Quando saímos da loja, ao mesmo tempo, não me apetecia separar-me logo dele. E acredito que ele também não quisesse separar-se de mim. Assim que pusemos um pé na rua, disse-me "quer vir comigo à próxima loja? Preciso de escolher uns óculos de sol e gostava de contar com a sua opinião." Acredito que o meu "sim, claro" saiu muito mais rápido do que eu desejaria. Entrámos na loja e, ao fim de algumas experiências, perguntou-me se eu não queria experimentar alguns. Acedi, experimentei. Acho que experimentamos tudo o que havia na loja. Acabei por gostar de uma mão-cheia de modelos, alguns deles de marcas razoavelmente caras; o Manuel gostou também de uns poucos e, de entre esses, houve três acerca do quais concordámos que lhe ficavam lindamente. Comprou-os a todos. E ainda me desafiou a dizer-lhe quais tinham sido os meus preferidos daqueles que eu tinha gostado. Disse-lhe "estes aqui", eram uns Gucci lindos de morrer. Perguntou-me se mos podia oferecer. Corei, fiquei embaraçada, disse-lhe que não me sentia à vontade para aceitar. Então respondeu-me "você é que sabe, mas eu já os comprei - e comprei-os para si". "Não posso obrigá-la a aceitar, mas parece-me um desperdício que fiquem para mim, já que não me ficam bem." Fez-me rir. E fez-me aceitar.

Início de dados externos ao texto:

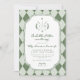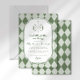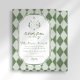 Celebrate your new addition with this "Little Putter on the Way" golf-themed baby shower invitation. Featuring classic preppy sage green argyle and a vintage monogram crest illustration, this elegant design is perfect for a country club luncheon or a sporty backyard celebration. Easily customize with your event details to create a timeless keepsakes for the par-tee!
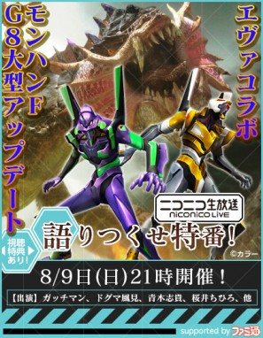 7月22日(水)の大型アップデート「G8」で実装された新モンスター「ガスラバズラ」や「ジンオウガ」の実況プレイ、「ヱヴァンゲリヲン新劇場版」コラボの紹介、視聴者参加アンケートやMHF-G開発運営陣の一問一答、など必見の内容でお送りするニコ生特番!(エヴァ芸も飛び出す!?)番組をご覧いただいた全視聴者には、ゲーム内で使える豪華特典もご用意!
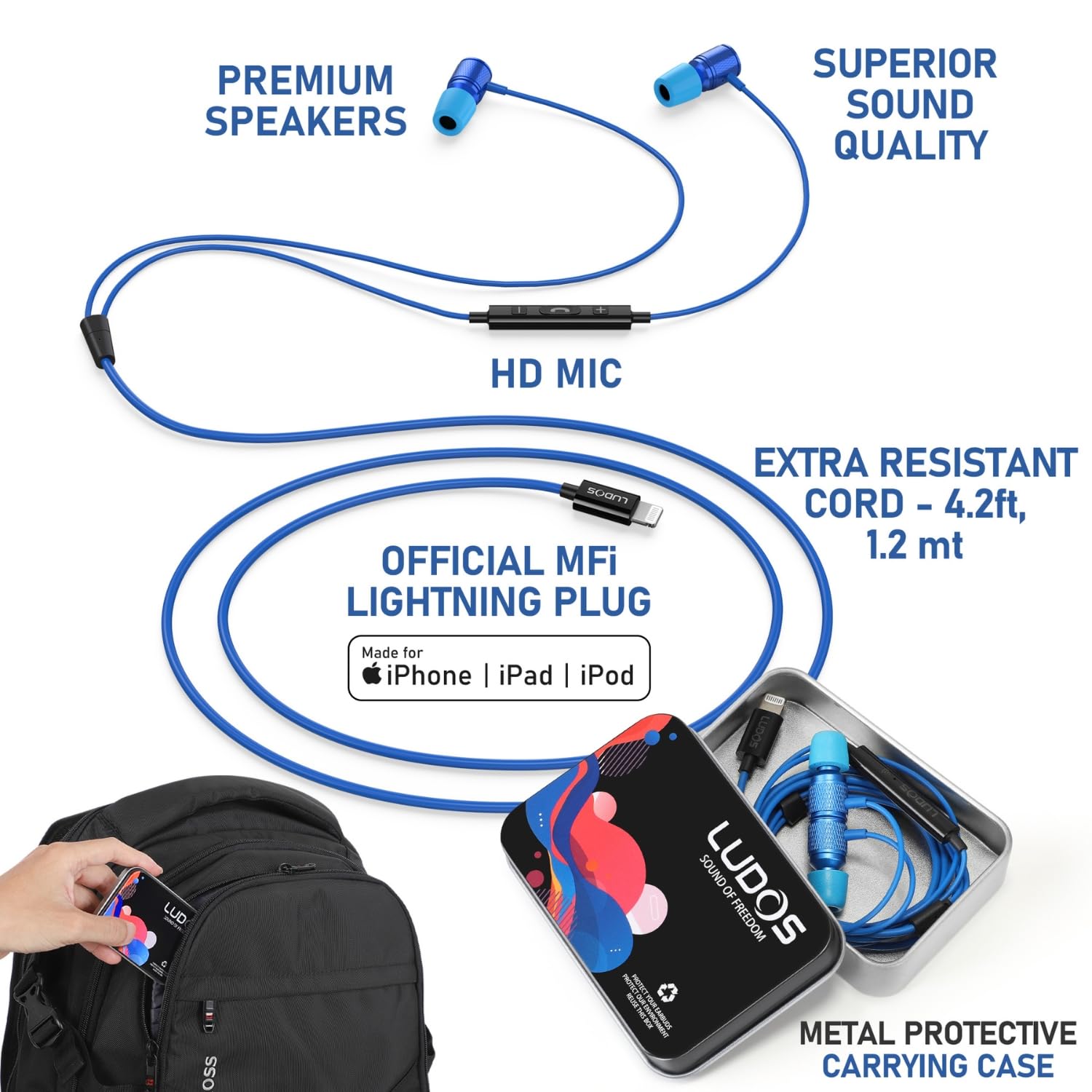 🎵 Strong: These lightning earbuds wired feature rock solid design and a extra long 4.2 ft cord (1.2 mt); iphone 14 headphones wired with mics are designed to be super tough and withstand the most demanding conditions; When you need lightning earbuds for performance, trust only LUDOS

Nessa tarde, convidou-me para jantar, mas eu não aceitei. Não quis acreditar que tudo pudesse acontecer assim tão depressa e eu sabia muito bem que, naquele momento, estava completamente rendida aos seus encantos. E o Manuel, encantador como é, não insistiu. Pediu-me duas coisas: o meu contacto e que nos tratássemos por tu. Sorri e disse-lhe que sim a ambos os pedidos. Depois, quando nos despedimos, voltou-se para trás e disse: "Podemos marcar já um encontro? Gostava muito que fôssemos às compras juntos." O meu sorriso deve ter sido exageradamente espantado e incrédulo, pois ele próprio se riu. "A sério, vamos os dois. Pode ser amanhã?" Eu fiz que sim com a cabeça e não disse mais nada. O tal casamento é para a semana. Vamos juntos. * Se conhecer uma história real envie-a para m.oliviasebastiao@gmail.com. As suas ideias podem dar origem à história do próximo sábado.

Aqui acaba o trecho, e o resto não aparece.